You said this in response to innisfree (2019)

The 'replication crisis' is that many effects in social sciences (and, although to a lesser extent, other scientific fields) couldn't be reproduced. There are many factors leading to this phenomenon, including

  • Weak standards of evidence, e.g., $2\sigma$ evidence required to demonstrate an effect
  • Researchers (subconsciously or otherwise) conducting bad scientific practice by selectively reporting and publishing significant results. E.g. considering many different effects until they find a significant effect or collecting data until they find a significant effect.
  • Poor training in statistical methods.

You need to bear in mind, that what innesfree said is only part of many different possible reasons, which also doesn't really go in depth into the reasons. Saying that social sciences has much lower standards required to demonstrate an effect can be seen as inflammatory remarks which has no real merit due to the complexity of the situation.

The short answer

The final part of your question:

why hasn't psychology (and other fields as a whole) done that? Or is that answer misrepresenting what psychologists already do?
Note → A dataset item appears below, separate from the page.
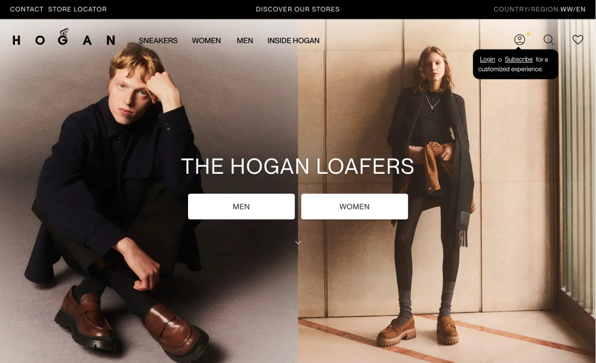 Hoganの公式オンラインストア(https://www.hogan.com/)は、シンプルかつ洗練されたデザインで、初めての方でも比較的使いやすい構造となっています。日本語ページの対応は限定的ですが、英語やイタリア語を基準にすれば、商品検索や購入手続きはスムーズに進められます。以下では、実際の購入ステップを順を追って解説します。

Makes your question a great (unbiased) question, and in a sense, that answer is misrepresenting what psychologists already do ... in most cases ... but then, there are arguments which could be made for those other situations.
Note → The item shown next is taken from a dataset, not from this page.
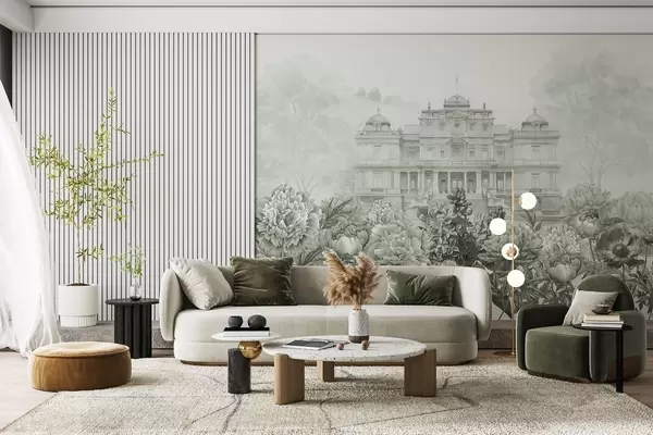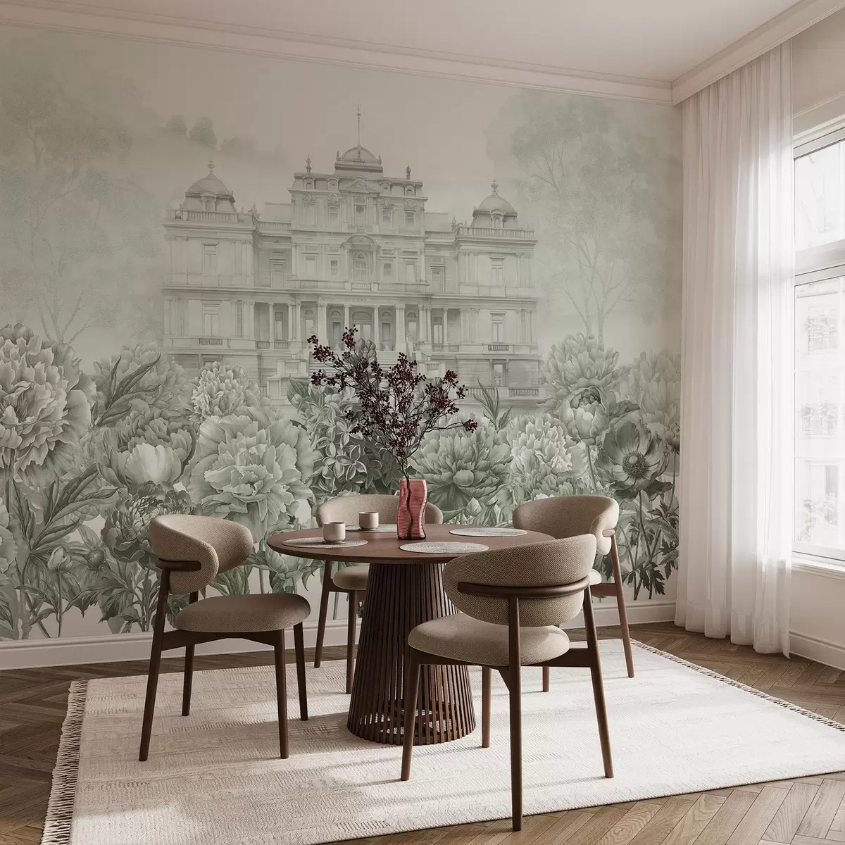 Fototapet Kungligt slott med pionträdgård, akvarellstil, natur, gröna färger, boho Nr. w03552v2

Psychology and the Replication Crisis

As I pointed out in the comments, there is a lot of debate, even within the field of social sciences, on what is pseudoscience within the social sciences and as you can see within the meta site, whilst I am a defender of Freudian and Neo-Freudian psychology, these areas of psychology, along with a few others are considered by some here to be pseudoscientific.

You can read those links to the meta site for more on that, but it is the replication crisis which underpins the debate and what is considered to be scientific within research and results, and what is pseudoscience.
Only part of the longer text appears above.